2 minute read
Development Charges: Fact vs. Fiction
Exploring the realities of development charges
FICTION: “Development charges and other government fees and taxes do not impact housing affordability.”
FACT: Government fees and taxes, which are mostly development charges, contribute to approximately 30% of the cost of a new home.
FICTION: “Only developers pay development charges.”
FACT: Development charges are costs passed on to potential homebuyers, often adding hundreds of thousands of dollars to the final cost of a new home, contributing materially to the rising cost of housing across the province.
FICTION: “Everyone in the community benefits from development charges.”
FACT: Development charges often go towards infrastructure that new homeowners who pay for them do not benefit from. (For example, a new park on the other side of town or maintenance of an existing cemetery.)
FICTION: “The development charge rate for a single unit never exceeds $100,000.”
FACT: In some municipalities, development charges exceed $200,000 per unit.
FICTION: “Municipalities need to continually raise development charges to be able to afford infrastructure development.”
FACT: Municipalities have billions of dollars in development charge reserves that go unspent year to-year. Moreover, they can fund infrastructure and acquire land without relying on development charges.
FICTION: “Municipal governments have not raised development charges during the provincial housing crisis.”

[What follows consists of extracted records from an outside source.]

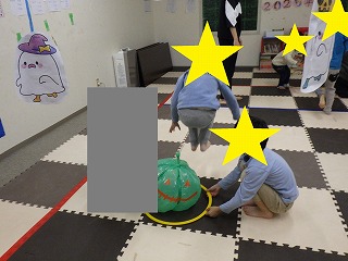 フープの中にかぼちゃを落として、それからかぼちゃの上をジャンプします。
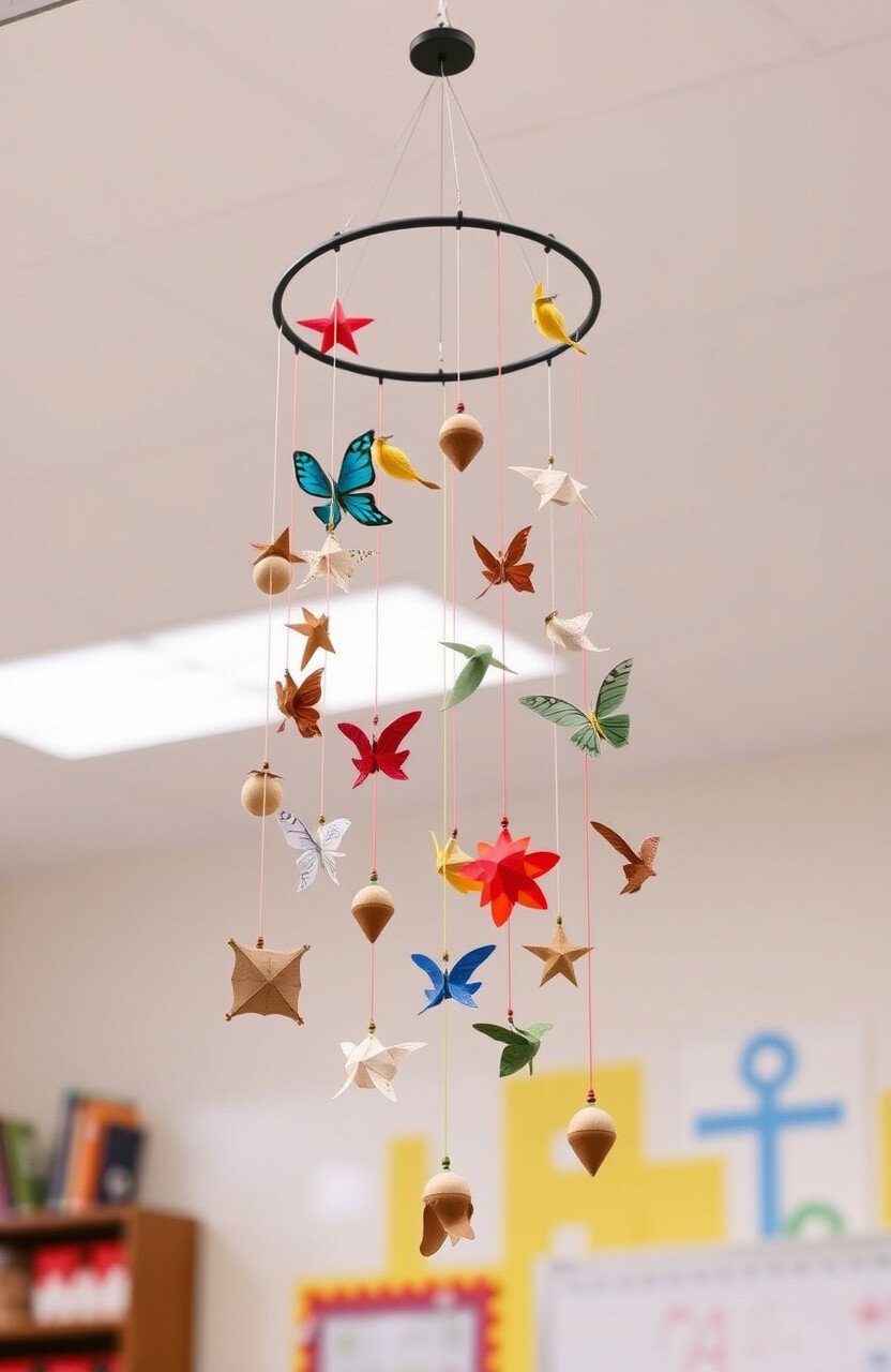 These mobiles benefit students by creating a lively and inspiring atmosphere. They’re unique because they turn airspace into art. Costs can vary, but DIY options with paper and wire are affordable.
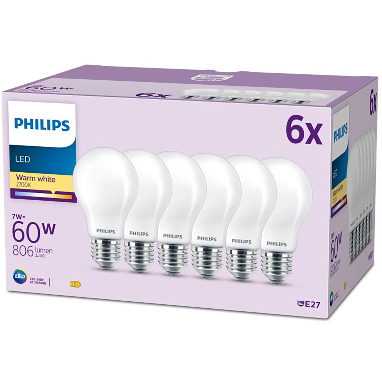 Sada 6x LED žárovky PHILIPS 7W , pro každodenní použití v interiéru. Známé tvary, které máte rádi. Spotřebují přibližně o 85 % méně energie než tradiční žárovky díky nejnovější energeticky úsporné LED technologii a mají desetkrát delší životnost. Standardní žárovka z opálového skla, se závitem E27, 15 000 hodin provozu a světelný tok 806 lumenů. Výkon lampy odpovídá svitu 60W žárovky.
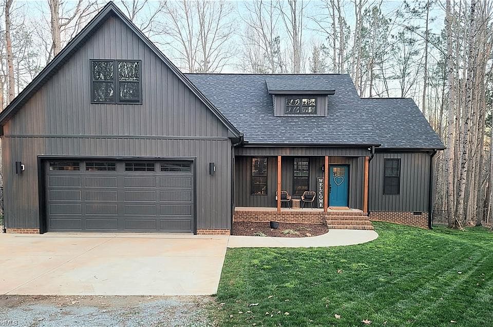 Beautiful Custom Built home less than 1 year old located on .93ac lot. Modern style finishes well planned out and carefully selected by the sellers. Electric linear fireplace, front and back porches, fenced yard w/protected side and back land parcel. Black onyx board & batten front siding, black windows, insulated garage door and gutters. Transom windows. Quartz kitchen tops, open shelving, stunning tile backsplash, beautiful cabinets and island and propane gas cooking. Lots of special features listed in attachments. No carpet. Beautiful Hickory hardwood floors. Nice pantry. Coffered ceilings. Primary bath with wall shower head and rain shower, soaking tub, double vanity with lots of cabinets, barn door and tile floors. The attic has plenty of storage and provides additional space to finish. Bonus room over the garage is a great place to relax or work. Rinnai tankless hot water heater. House is wired for a generator.
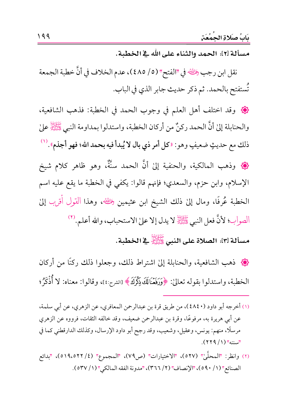 (¬٢) وانظر: «خطبة الجمعة» (ص ١٣٤ - ) للحجيلان، «الإنصاف» (٢/ ٣٦٧)، «المجموع» (٤/ ٥٢٠ - )، «البيان» (٢/ ٥٧١ - ٥٧٣).
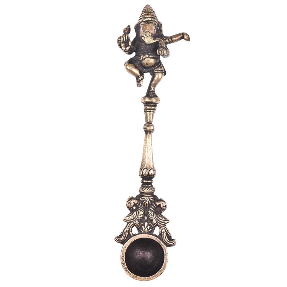 This is an intricately carved pooja spoon made of brass is used for offering worship during puja or havan . The spoon has a small bowl to fill holy water or oil with a decorative finial with dancing ganesha figurine on the top and bottom of the spoon . Use it as a home décor product or as a gifting option for family and friends

FACT: Development charges have gone up an average of $42,000 for low-rise developments and $32,000 per unit for high-rise developments since 2022 alone!
FICTION: “Municipal governments ensure development charge increases are reasonable.”
FACT: Development charges increased an average of 327% in the Greater Toronto Area since 2009, when the Great Recession upended the global housing market.
FICTION: “Development charges and their use is strictly regulated.”
FACT: Instead of spending development charges, municipalities can simply allocate them toward future projects, according to the Development Charges Act. Municipalities regularly do this, allowing them to keep billions in reserves. Moreover, municipalities have no limits when it comes to raising development charges annually and have the discretion to value their own assets (i.e., land) used as the basis for calculating development charges.
FICTION: “Municipalities are incentivized to use land efficiently.”
FACT: Municipalities inflate land value to collect more development charges. Land value inflation has resulted in $3.5 billion to $7 billion in development charges over collection, directly affecting the cost of housing.
FICTION: “Developers are against all development charges.”
FACT: Developers are against the unpredictability of development charges and development charges being used to inflate land value in municipalities.